WHAT THE TASK ASKS: Please print the listing that follows word for word, but skip any pictures it holds.

GIVEN MATERIAL:
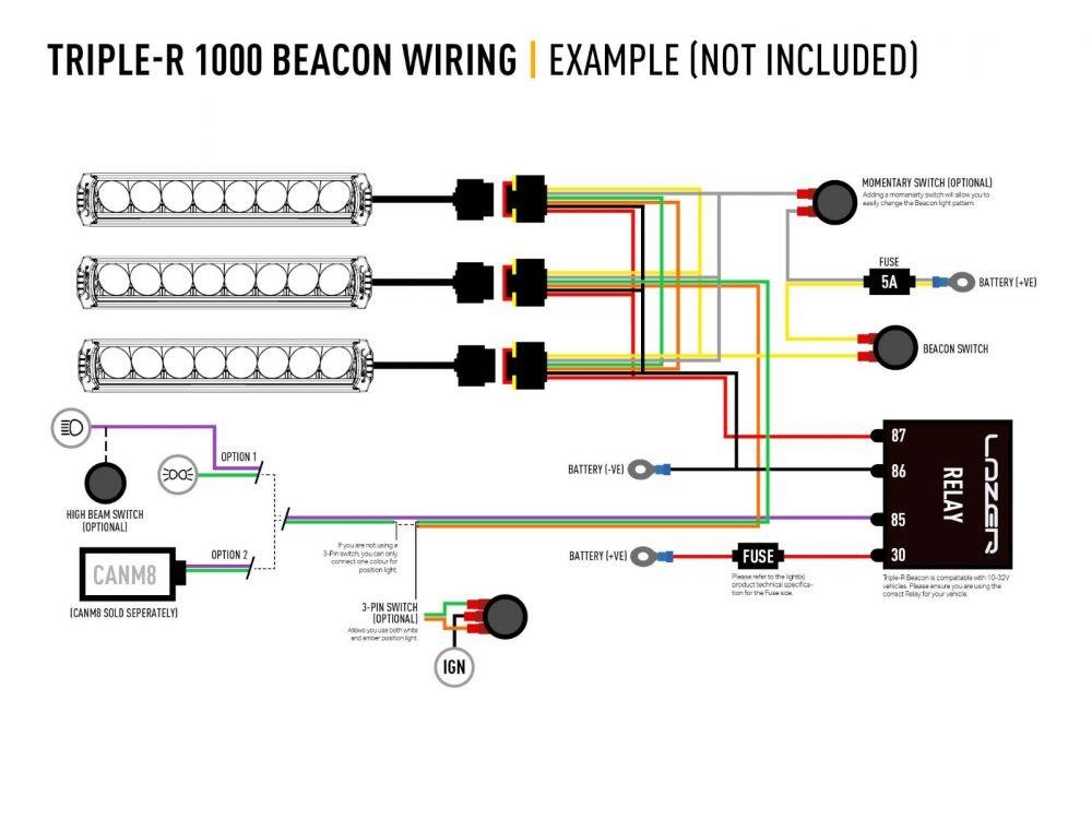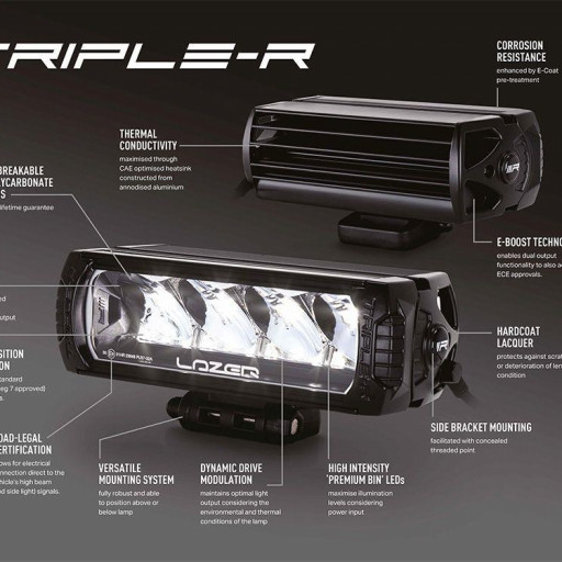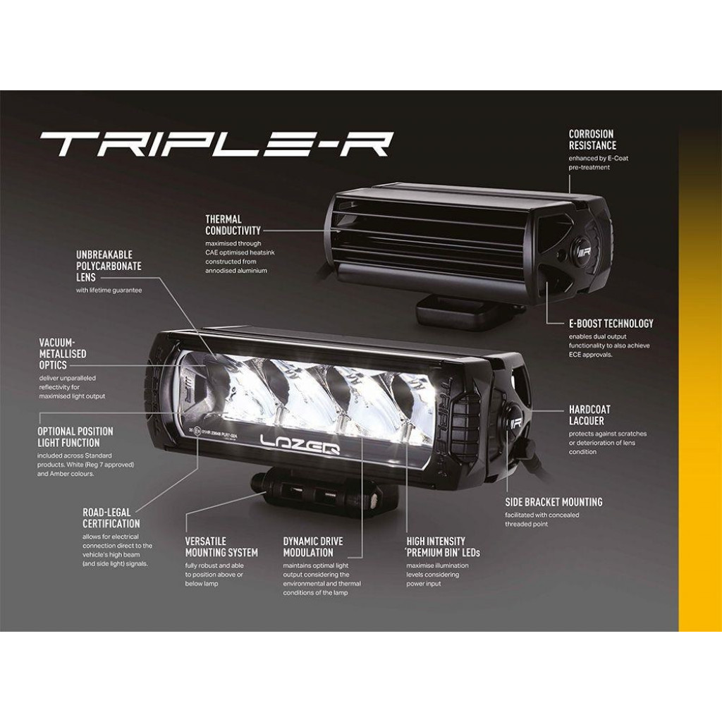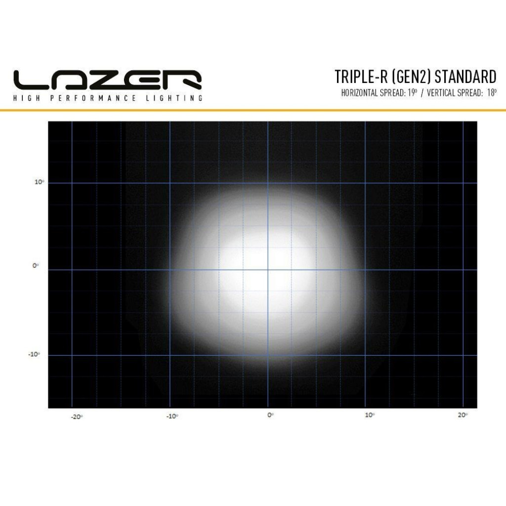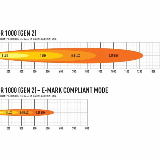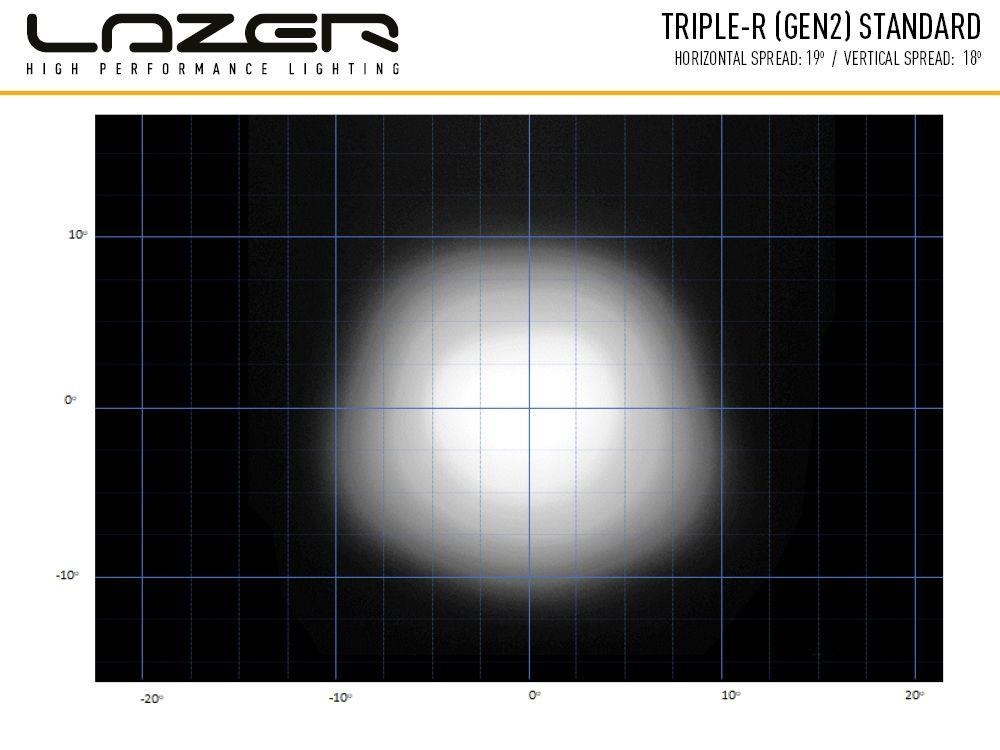 Lazer Triple-R 1000 G2 - BeaconDen ikoniske Triple-R 1000, en klar favorittfor tunge lastebiler og lette lastebiler, tilbys nå med integrert gul blinkende varselslys. Med 16 forskjelligeblitsmønstre, den ekstra sikkerhetsfunksjonen i lampen, kombineres med muligheten for å koble til en hvit eller gul posisjon/sidelysfunksjon, samt den eksepsjonelle fjernlysfunksjonen for kjørelys setter Triple-R 1000 et hakk over konkurrenteneHva er inkludert :- x1 Triple-R 1000 LED Lamp with Beacon Function- x2 Centre Mount (1114k)- x1 Installation InstructionsSpesifikasjoner :E-BoostE-Mark ModeVoltage Range (DC)10-32V10-32VLED Life50,000 hrs50,000 hrsWeight1.7 kg1.7 kgHIGH BEAM FUNCTIONTotal Luminous Flux9240Lm1848 LmTotal Driver #39FOV#39 Flux †5572 Lm1114 LmColour Temperature5000k5000kNumber of High Output LEDs88Power Consumption88 Watts17.6 WattsCurrent Draw (at 14.4V)6.1Amps1.2 AmpsStart-up Time *100ms100msCERTIFICATIONHigh BeamN/AECE R112E-Mark RefN/A12.5Position Light (White)ECE R7ECE R7Beacon (Amber)ECE R65ECE R65PHOTOMETRIC DATAHoriz Beam Angle19 Deg19 Deg0.25 lx Line1225metres548 metres0.5 lx Line866 metres387 metres1 lx Line612metres274 metres3 lx Line354metres158metres
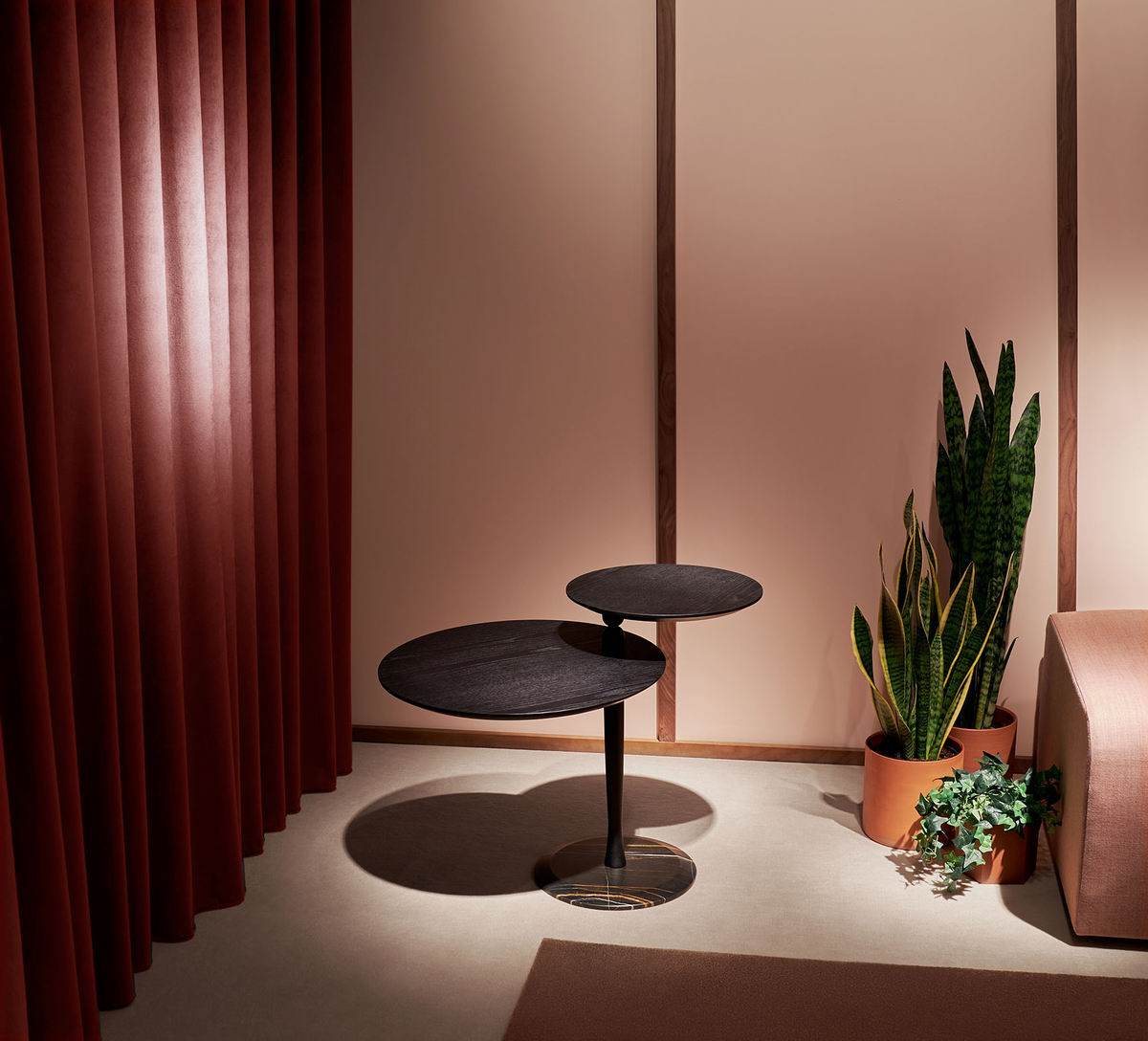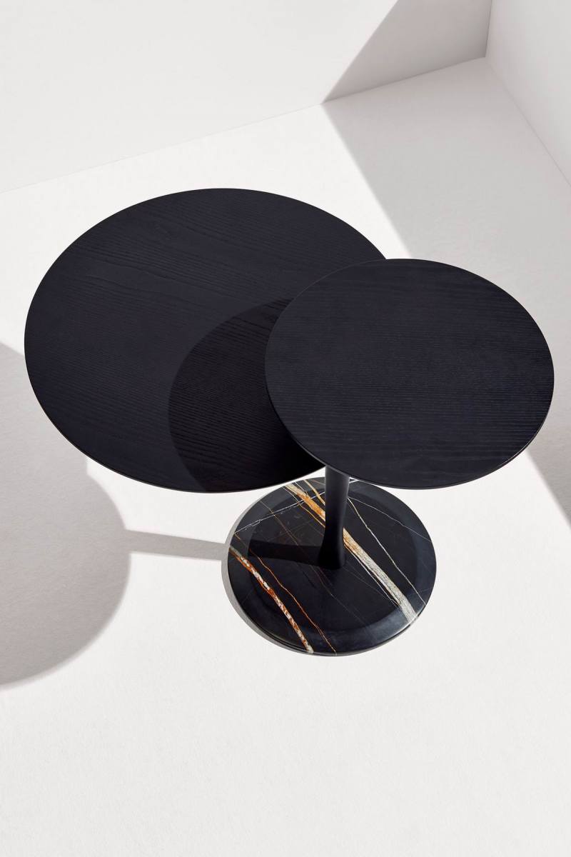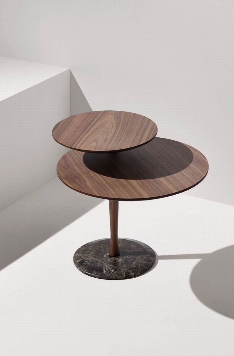 Attractive side table with a functional swivel top. Its subtle wood turning lathe holding the superior top creates a visual element with balance and lightness. The marble base contributes with prestige to the design.
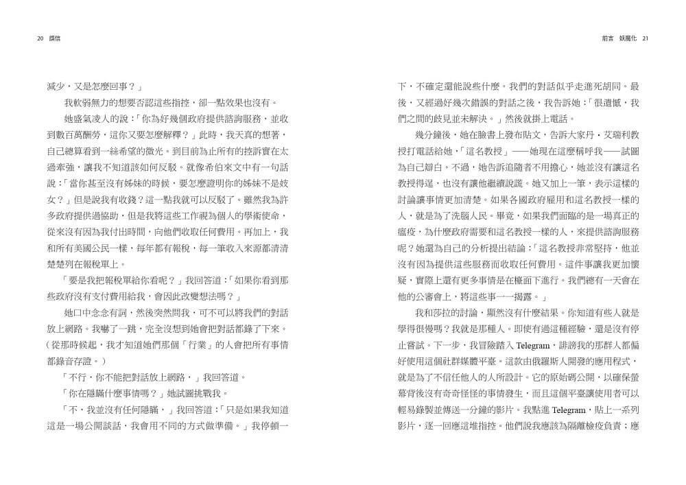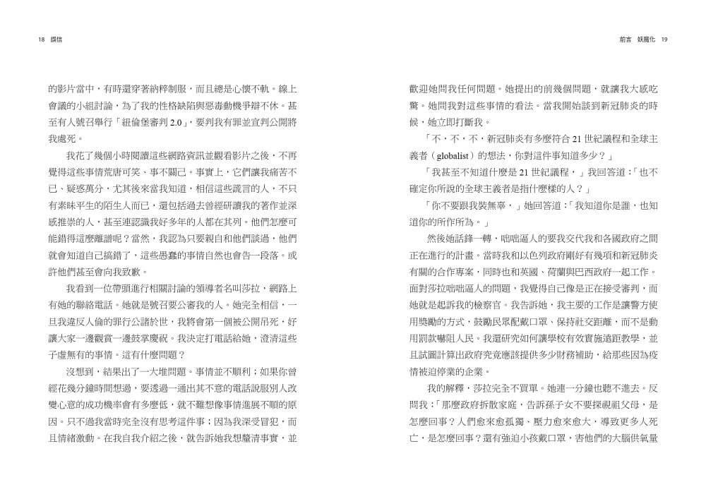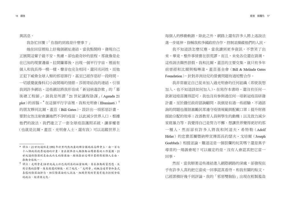 這本書的旅程是從我的自身經驗開始,但是很快就轉為探討影響到我們所有人的現象。它讓我得以探索我不熟悉的研究領域,例如性格、臨床心理學與人類學。陰謀論的散播與假消息的禍害,都是社會科學領域尚未企及的研究挑戰,也凌駕在我的專業領域之上,甚至超越任何一本書收錄的範圍。科技、政治學與經濟學在激發與加劇這些問題上,都扮演相當關鍵的角色。隨著ChatGPT與類似產品等高階AI工具問世,以及各項議題持續朝向兩極化發展,從社會與結構的觀點來看,這些問題似乎一時之間還無法解決。它吸引我的地方在於,了解為什麼人們這麼容易受到影響,而這也是我認為可以讓事情朝向正面發展的轉捩點。為什麼我們不只是相信假消息,還會主動搜尋與散布假消息?是什麼樣的過程,讓看似理性的人開始對不理性的信念有興趣,並且接納它,還進而為它辯護?善用同理心,而不是以批評或奚落訕笑的態度來處理這些問題,既能帶來啟發,卻也令人不安。
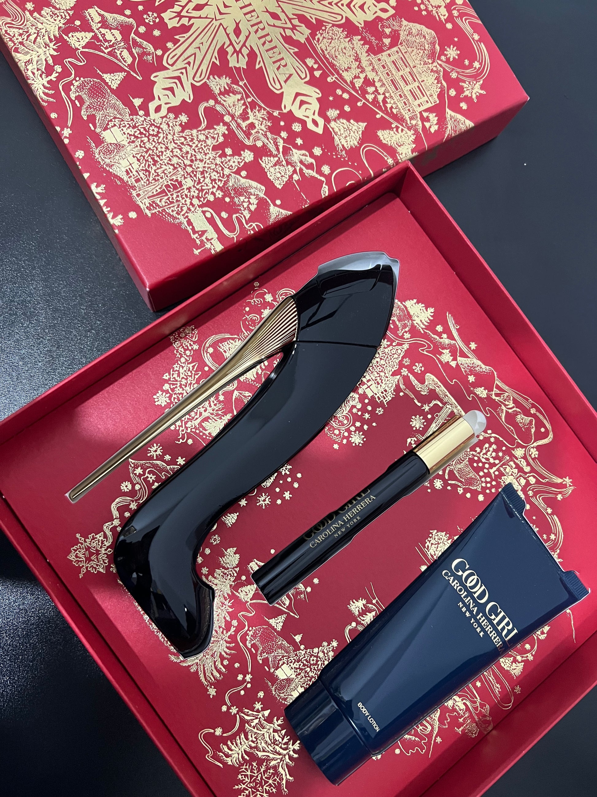 Estuche para dama good girl Carolina Herrera contiene: 3pz: edp 80ml + edp 10ml + loción corporal hidratante 100ml

EXERCISE RESULT:
 Lazer Triple-R 1000 G2 - BeaconDen ikoniske Triple-R 1000, en klar favorittfor tunge lastebiler og lette lastebiler, tilbys nå med integrert gul blinkende varselslys. Med 16 forskjelligeblitsmønstre, den ekstra sikkerhetsfunksjonen i lampen, kombineres med muligheten for å koble til en hvit eller gul posisjon/sidelysfunksjon, samt den eksepsjonelle fjernlysfunksjonen for kjørelys setter Triple-R 1000 et hakk over konkurrenteneHva er inkludert :- x1 Triple-R 1000 LED Lamp with Beacon Function- x2 Centre Mount (1114k)- x1 Installation InstructionsSpesifikasjoner :E-BoostE-Mark ModeVoltage Range (DC)10-32V10-32VLED Life50,000 hrs50,000 hrsWeight1.7 kg1.7 kgHIGH BEAM FUNCTIONTotal Luminous Flux9240Lm1848 LmTotal Driver #39FOV#39 Flux †5572 Lm1114 LmColour Temperature5000k5000kNumber of High Output LEDs88Power Consumption88 Watts17.6 WattsCurrent Draw (at 14.4V)6.1Amps1.2 AmpsStart-up Time *100ms100msCERTIFICATIONHigh BeamN/AECE R112E-Mark RefN/A12.5Position Light (White)ECE R7ECE R7Beacon (Amber)ECE R65ECE R65PHOTOMETRIC DATAHoriz Beam Angle19 Deg19 Deg0.25 lx Line1225metres548 metres0.5 lx Line866 metres387 metres1 lx Line612metres274 metres3 lx Line354metres158metres
 Attractive side table with a functional swivel top. Its subtle wood turning lathe holding the superior top creates a visual element with balance and lightness. The marble base contributes with prestige to the design.
 這本書的旅程是從我的自身經驗開始,但是很快就轉為探討影響到我們所有人的現象。它讓我得以探索我不熟悉的研究領域,例如性格、臨床心理學與人類學。陰謀論的散播與假消息的禍害,都是社會科學領域尚未企及的研究挑戰,也凌駕在我的專業領域之上,甚至超越任何一本書收錄的範圍。科技、政治學與經濟學在激發與加劇這些問題上,都扮演相當關鍵的角色。隨著ChatGPT與類似產品等高階AI工具問世,以及各項議題持續朝向兩極化發展,從社會與結構的觀點來看,這些問題似乎一時之間還無法解決。它吸引我的地方在於,了解為什麼人們這麼容易受到影響,而這也是我認為可以讓事情朝向正面發展的轉捩點。為什麼我們不只是相信假消息,還會主動搜尋與散布假消息?是什麼樣的過程,讓看似理性的人開始對不理性的信念有興趣,並且接納它,還進而為它辯護?善用同理心,而不是以批評或奚落訕笑的態度來處理這些問題,既能帶來啟發,卻也令人不安。
 Estuche para dama good girl Carolina Herrera contiene: 3pz: edp 80ml + edp 10ml + loción corporal hidratante 100ml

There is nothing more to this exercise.